In 2013, Davis released his second directorial effort Miss You Can Do It, an original HBO documentary. The film featured Abbey Curran, who became Miss Iowa USA in 2008 and the first woman with a disability to compete in the Miss USA Pageant. Miss You Can Do It follows Curran as well as eight young women from around the US with special needs as they participate in the 2008 Miss You Can Do It Pageant in Kewanee, Illinois. The film debuted at the Palm Beach International Film Festival Friday on April 5, 2013 and received its first television broadcast in June 2013.

== Harry & Snowman ==
In 2015, Davis premiered his third feature documentary, Harry & Snowman, at the Full Frame Documentary Film Festival. Snowman was an old Amish plow horse that Dutch immigrant Harry deLeyer rescued off a truck that was bound for the meat and glue factory for only $80. Less than two years after he rescued Snowman, they rose to become the national show jumping champions and were the Cinderella story and media darlings of late 1950s and 1960s.

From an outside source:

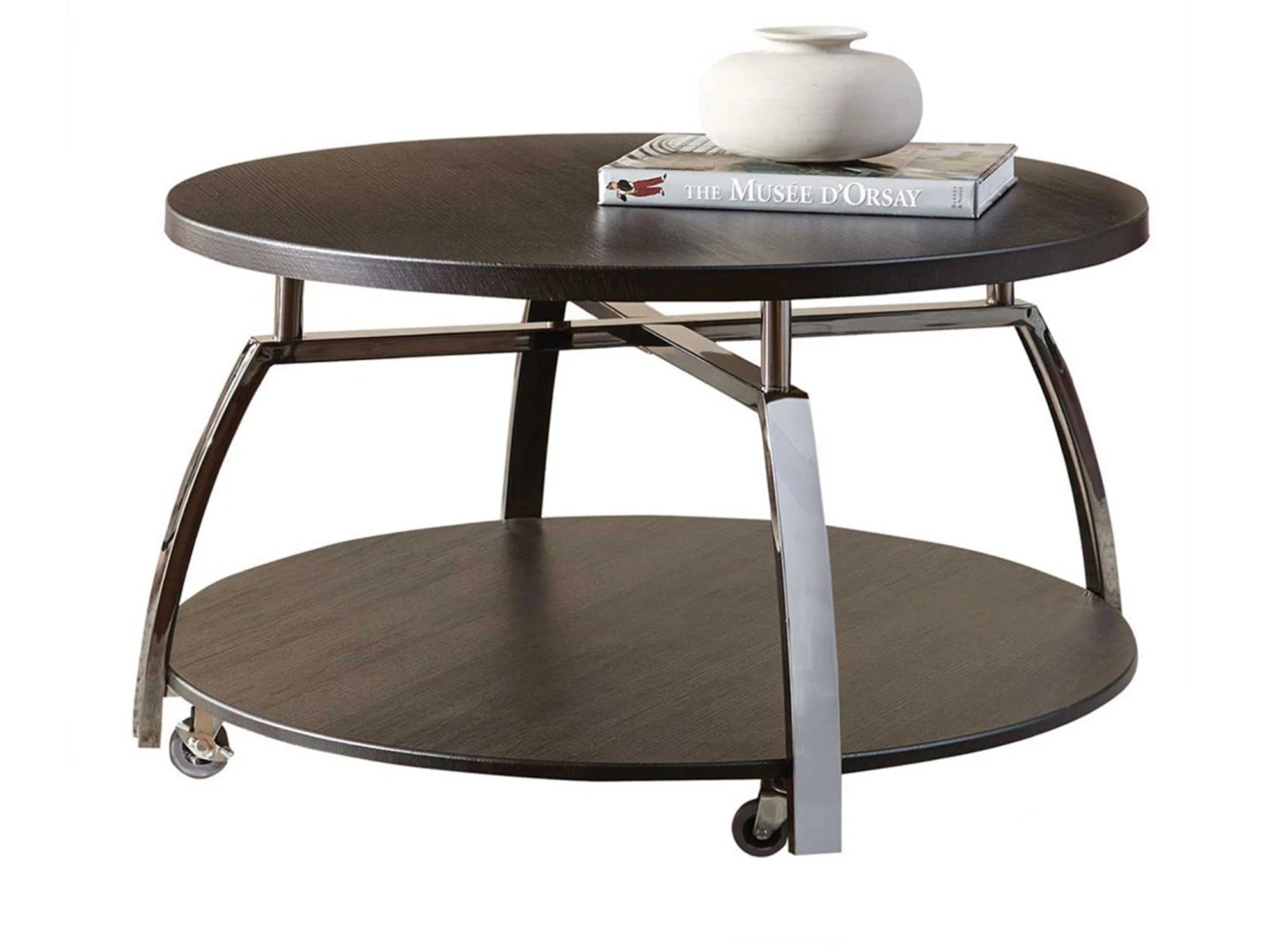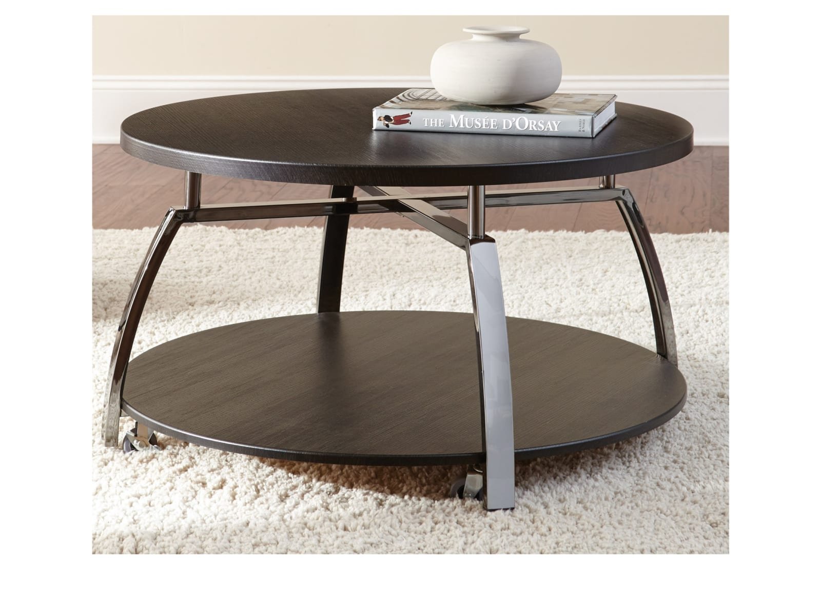 & Free ShippingDesigned with the modern home in mind, Chandler is an elegant table collection with soft round shapes  that bring a sense of coziness and style to any room. Built with Silvershield laminate tops that resist scratches and are easy to clean, these tables feature a black nickel base with an aggressive profile for a true style statement. The Coffee Table features casters for easy mobility.

The film won ten film festival awards, including the 2015 Nantucket Film Festival Audience Award for Best Documentary, the Woods Hole Film Festival, Best of the Fest Audience Award, the New Orleans Film Festival Audience Award for Best Documentary and the Prescott Film Festival Audience Award for Best Documentary. Harry & Snowman was released theatrically on September 30, 2016 by FilmRise. and went on to become one of the top grossing theatrical documentaries of 2016. The film was a NYT Critics' Pick, and the Los Angeles Times praised the film as "captivating".

==Life In The Doghouse==
In 2019 June, Netflix released Davis’ Life In the Doghouse, a documentary that follows a couple, Danny Robertshaw and Ron Danta, running the Danny & Ron's Rescue from their own home, ever since Hurricane Katrina made catastrophic landfall in the United States’ Gulf Coast in August 2005. With thirteen years operating the business and 10,000 dogs rescued, the documentary aimed to inspire viewers to do the same.

The film won Best Documentary at the Tryon International Film Festival and Audience Award at The Rochester LGBT Film Festival. The documentary was also the Official Selection at the Frameline San Francisco International LGBT Film Festival, Provincetown Film Festival, and Newport Film.